2009/11/22 02:40:05.196 US/Eastern

By Yan-Iuan Ho

Kingdom: Animalia
Phylum: Chordata
Subphylum: Vertebrata
Class: Mammalia
Order: Chiroptera
Family: Pteropodidae
Genus: Eonycteris
Species: Eonycteris major

Geographic Range

The distribution of Eonycteris major includes the Philippines through Borneo. In Borneo, there are scattered records from most areas including Kota Kinabalu and Ranau in Sabah. It is also found in Gunung Dulit and Kuching in Sarawak, Kutai in East Kalimantan, and upper Sungai Tengah in South Kalimantan. The only area it is not found is in Central and West Kalimantan. In the Philiippines, the distribution includes Biliran, Leyte, Lubang, Luzon, Maripipi, Mindanao, Negros, and Siargao. (Mickleburgh, Hutson, and Racey, 1992)

Biogeographic Regions:
oriental (native ).

Habitat

Elevation
1100 m (high)
(3608 ft)

The roosting habitat of E. major usually includes caves and hollow trees. The subspecies E. m. robusta may be dependent upon primary forest as well as caves and has been taken from near sea level to 1100m. (Mickleburgh, Hutson, and Racey, 1992; Nowak, 1994)

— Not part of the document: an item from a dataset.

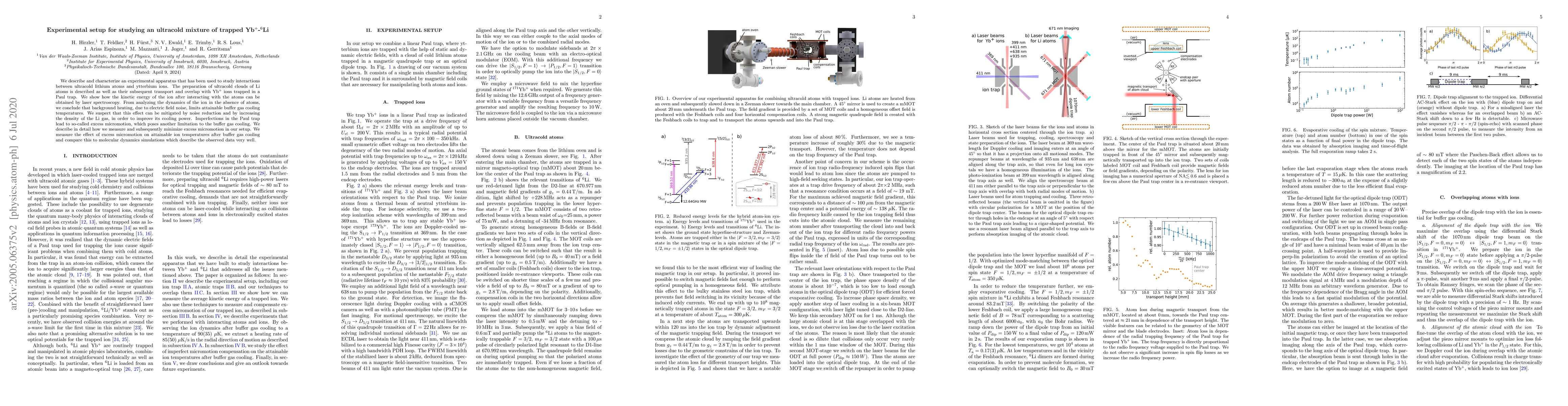 The paper details an experimental setup for studying ultracold Yb+ ions interacting with Li atoms. Key findings include identifying background heating from electric field noise as a limit to buffer gas cooling and describing methods to minimize excess micromotion in the Paul trap, which also affects cooling. The study uses laser spectroscopy to measure ion kinetic energy post-interaction and compares results with molecular dynamics simulations.

These animals are found in the following types of habitat:
tropical .

Terrestrial Biomes:
forest .

Other:
caves.

Physical Description

Mass
91 g (average)
(3.2 oz)

The fur of E. major is identified as uniform and dark, blackish brown. Like most other fruit bats of this genus, the muzzle is long, slender, and slightly decurved. The tongue is also very long and slender, and protrudes from the mouth. Both characteristics help to pick up nectar and pollen, the main source of food. The cheek teeth are reduced in size. Overall, the bats from the subfamily Pteropodidae are characterized by long, needle-like canines, which are strongly curved outwards in the lower jaw. The upper incisors are small and they project forward slightly and are separated from each other by small gaps. The dental formula is unknown but the dental formula for most Pteropodidae is 2/2, 1/1, 3/3, 2/3. The tail is usually very short, averaging 18 mm, and the ear length averages 21 mm. The forearm (length outside of the elbow to the outside of wrist in a bent wing) averages from 71 mm to 80 mm. Another distinguishing characteristic is the lack of a claw on the second digit of the wing, which is usually present in Pteropodidae. Although there is no information about sexual dimorphism, the closest relative of E. major is E. spelaea, which is known to be sexually dimorphic; males are generally larger than females. (Nowak, 1994; Payne and Francis, 1985)

Some key physical features:
endothermic ; bilateral symmetry .

Reproduction

Breeding interval
There is little information, but in their relative E. spelaea, the breeding happens year round and peaks throughout the year.

There is little available information on mating systems in Eonycteris major.

There is no information about reproductive behavior in E. major but there is some information on its closest relative, E. spelaea. The females have been found to be polyestrous and pregnancies that begin during later stages of lactation are successive. The gestation period is a little bit longer than six months but can be as long as 200 days. Generally females have one young per litter, and rarely two. The young are attached to the nipple for about 4 to 6 weeks and weaning occurs after 3 months. They reach sexual maturity after one year in females and after two years in males. ("Animal Diversity Web", 2004; Nowak, 1994)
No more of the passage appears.